-- Exercise requirements --
Leave out the pictures, then output the lines of the records below from the first through the one containing "Желтая кнопка управления".

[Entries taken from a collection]
────
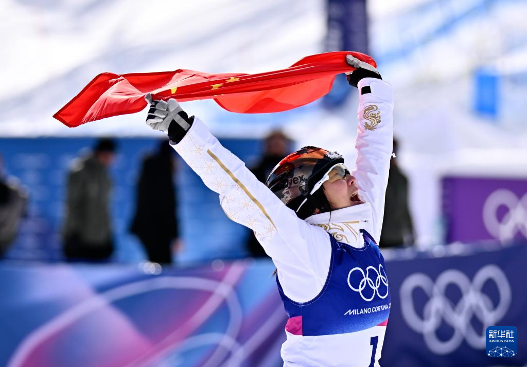 当地时间2月18日,在意大利利维尼奥举行的米兰-科尔蒂纳冬奥会自由式滑雪女子空中技巧决赛中,中国选手徐梦桃获得冠军,队友邵琪和孔凡钰分获三、四名。
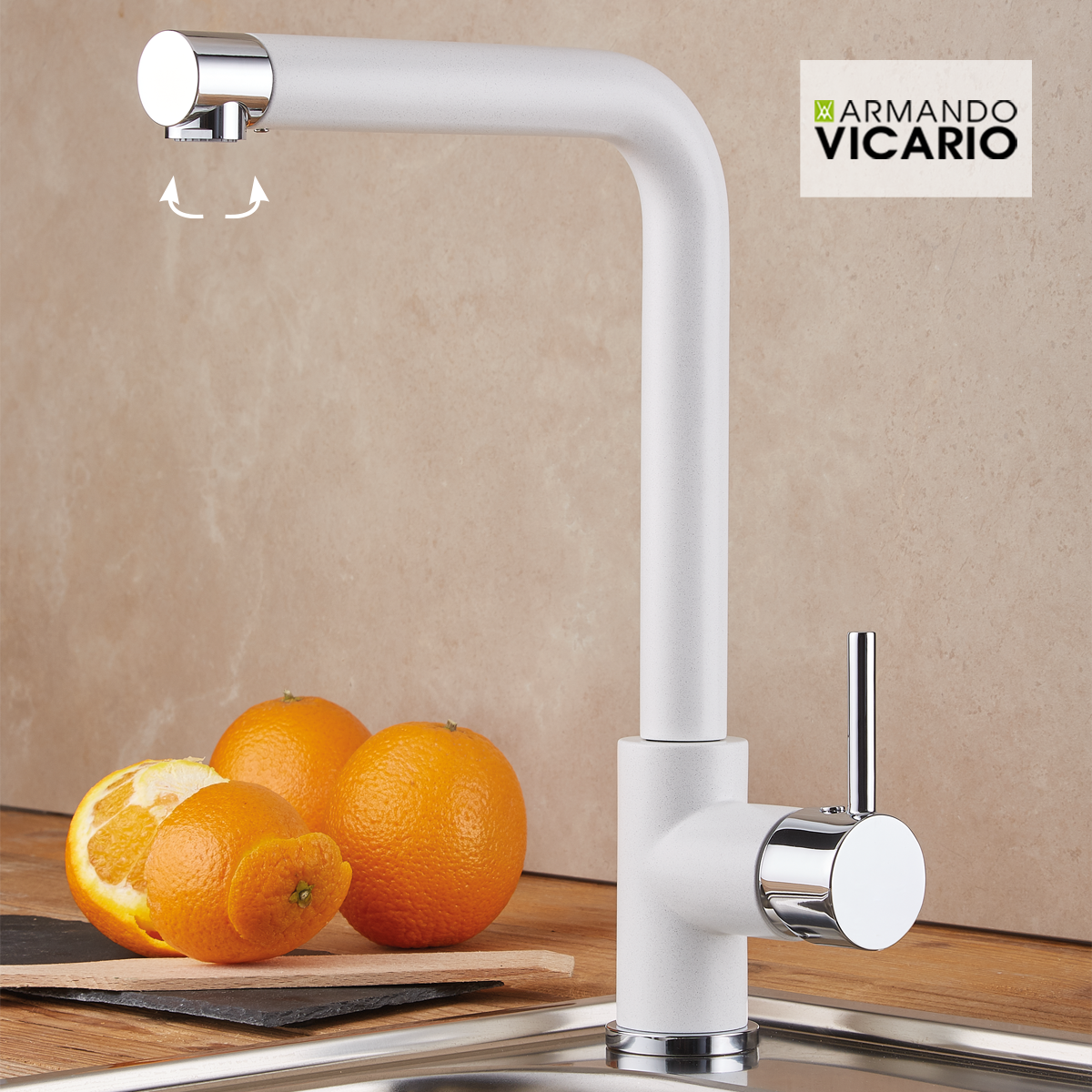 Μπαταρία Κουζίνας με Περιστρεφόμενο Ρουξούνι Cristalite Granite Superwhite Armando Vicario Fluo 18510-1301
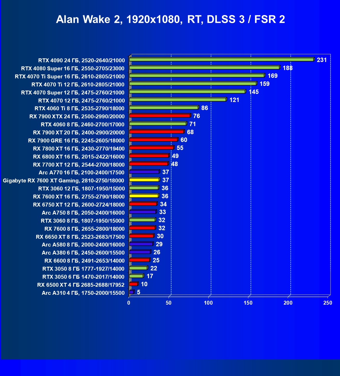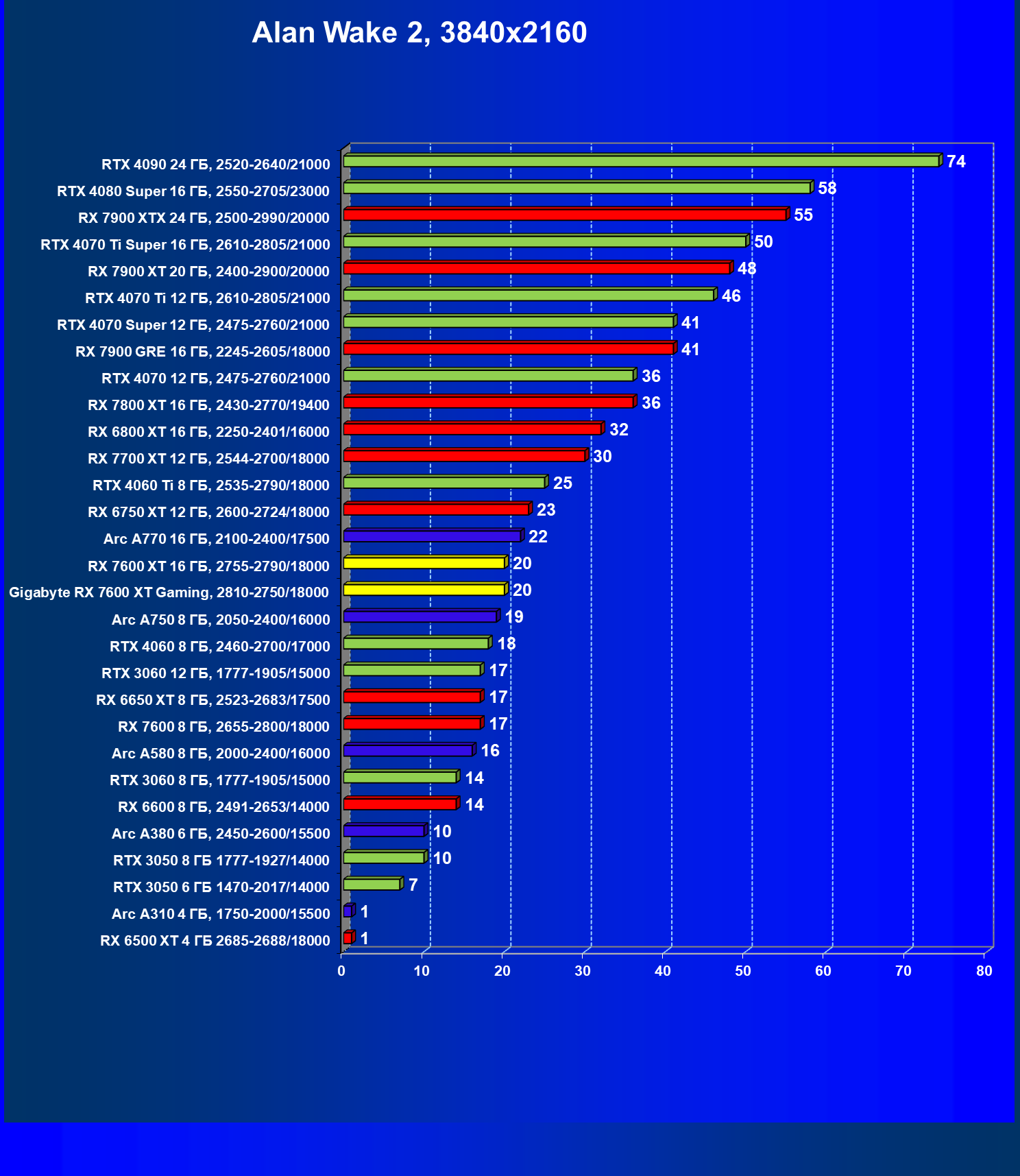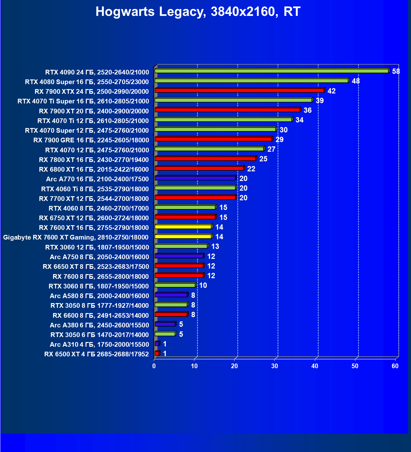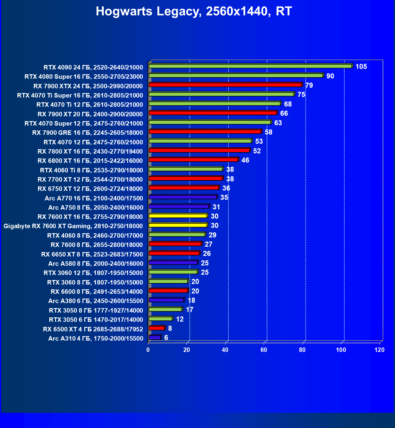 | 05 | Arc A750 8 ГБ, 2050—2400/16000 | 142 | 468 | 33 000 |
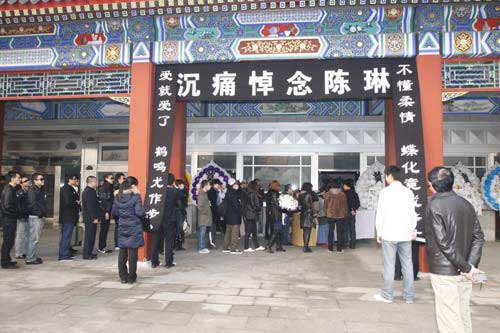 中新网11月6日电 歌手陈琳的追悼会今天下午低调在八宝山举行,灵堂布置肃穆,众多亲人好友送上花篮送她最后一程,而她的现任丈夫张超峰也现身哀悼。
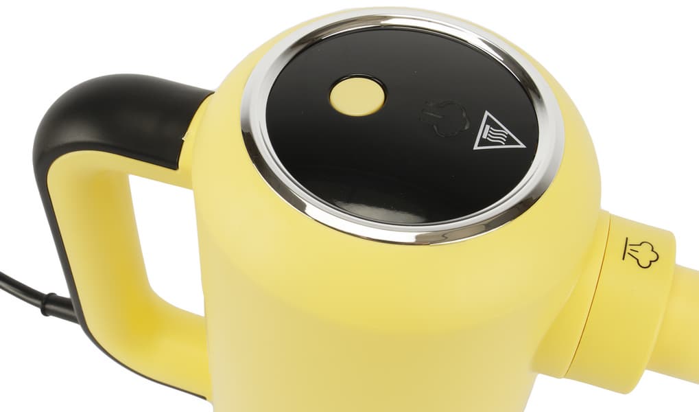 Желтая кнопка управления парогенератором находится сверху корпуса. Она выделяется на темном фоне, поэтому перепутать ее с чем-либо невозможно. Рядом изображена пиктограмма, предупреждающая о необходимости соблюдать осторожность, и индикатор пара.
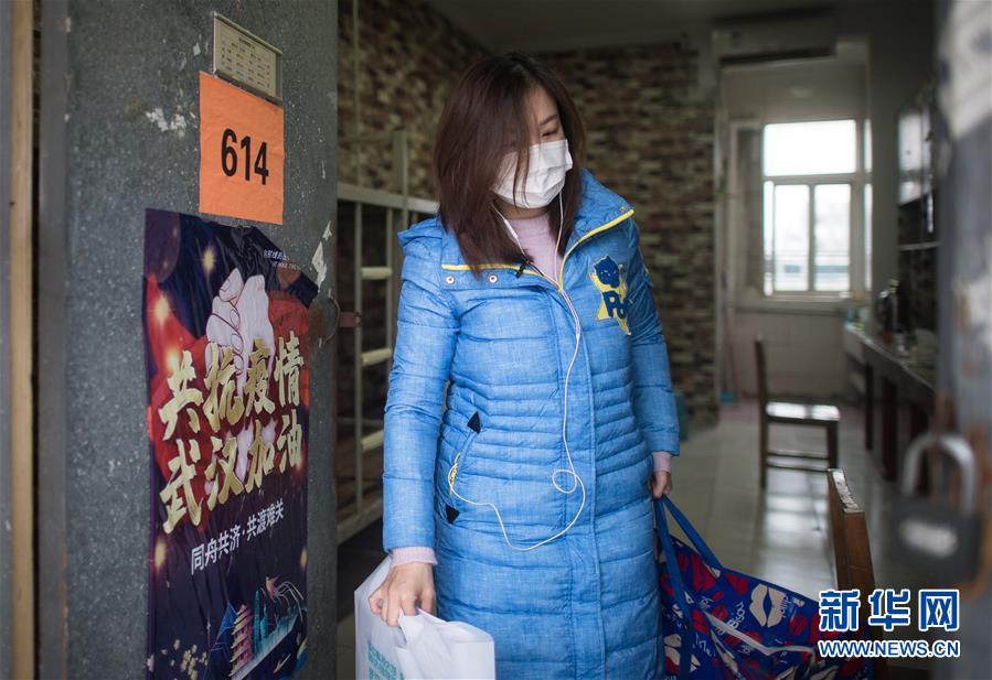 3月12日,黎婧收拾完行李,走出這間待了14天的房間。 3月12日,插畫師黎婧和84位病友離開自己居住的武漢軟件工程職業(yè)學(xué)院康復(fù)驛站,回到自己家中。他們都是治愈出院的新冠病毒肺炎患者,已經(jīng)在武漢軟件工程職業(yè)學(xué)院康復(fù)驛站進行了14天醫(yī)學(xué)觀察,達到醫(yī)學(xué)標(biāo)準,成功解除隔離。他們由專車運送至所屬社區(qū)附近的集散點后,在社區(qū)工作人員的陪同下回家。 新華社記者 肖藝九 攝
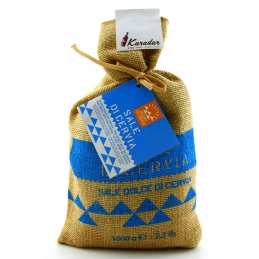 Pure coarse sea salt. The so-called Sale di cervia is a natural product that contains all trace elements, such as iodine, zinc, copper, manganese, iron, magnesium and potassium. This salt contains no additives, is washed with pure highly concentrated sea water and centrifuged. Contains a natural moisture of 2%, this is typical of unrefined salt. Is also known as "sweet salt", because of the limited presence of bitter salts such as, sulfates of magnesium, calcium, potassium and magnesium chloride, it acts much milder in taste and not so salty.
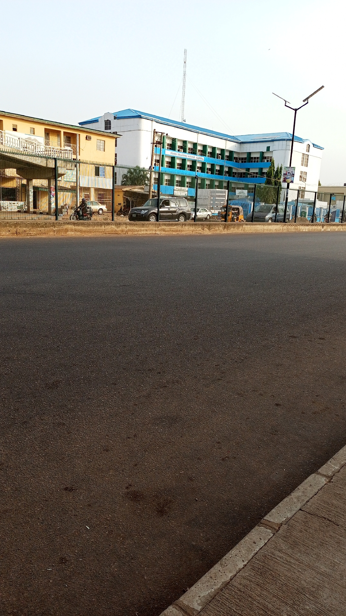 The scene is a street in Unguwar Sarki, Nigeria. The focus is an asphalt road, extending from the foreground to the midground. A concrete curb is visible on the right edge of the image, delineating the boundary of the road. Across the road, behind a black metal fence, various vehicles are parked including a dark SUV and a yellow tricycle ("Keke"). A pedestrian bridge connects a yellow building on the left to a larger, white building on the right, which has blue and green accents and signage indicating "Kaduna Traffic School". A communications tower rises from the top of the building. A few pedestrians and motorcyclists are present on the near side of the road behind the fence. A street lamp is visible on the right.
────
-- Written solution --
 当地时间2月18日,在意大利利维尼奥举行的米兰-科尔蒂纳冬奥会自由式滑雪女子空中技巧决赛中,中国选手徐梦桃获得冠军,队友邵琪和孔凡钰分获三、四名。
 Μπαταρία Κουζίνας με Περιστρεφόμενο Ρουξούνι Cristalite Granite Superwhite Armando Vicario Fluo 18510-1301
 | 05 | Arc A750 8 ГБ, 2050—2400/16000 | 142 | 468 | 33 000 |
 中新网11月6日电 歌手陈琳的追悼会今天下午低调在八宝山举行,灵堂布置肃穆,众多亲人好友送上花篮送她最后一程,而她的现任丈夫张超峰也现身哀悼。
 Желтая кнопка управления парогенератором находится сверху корпуса. Она выделяется на темном фоне, поэтому перепутать ее с чем-либо невозможно. Рядом изображена пиктограмма, предупреждающая о необходимости соблюдать осторожность, и индикатор пара.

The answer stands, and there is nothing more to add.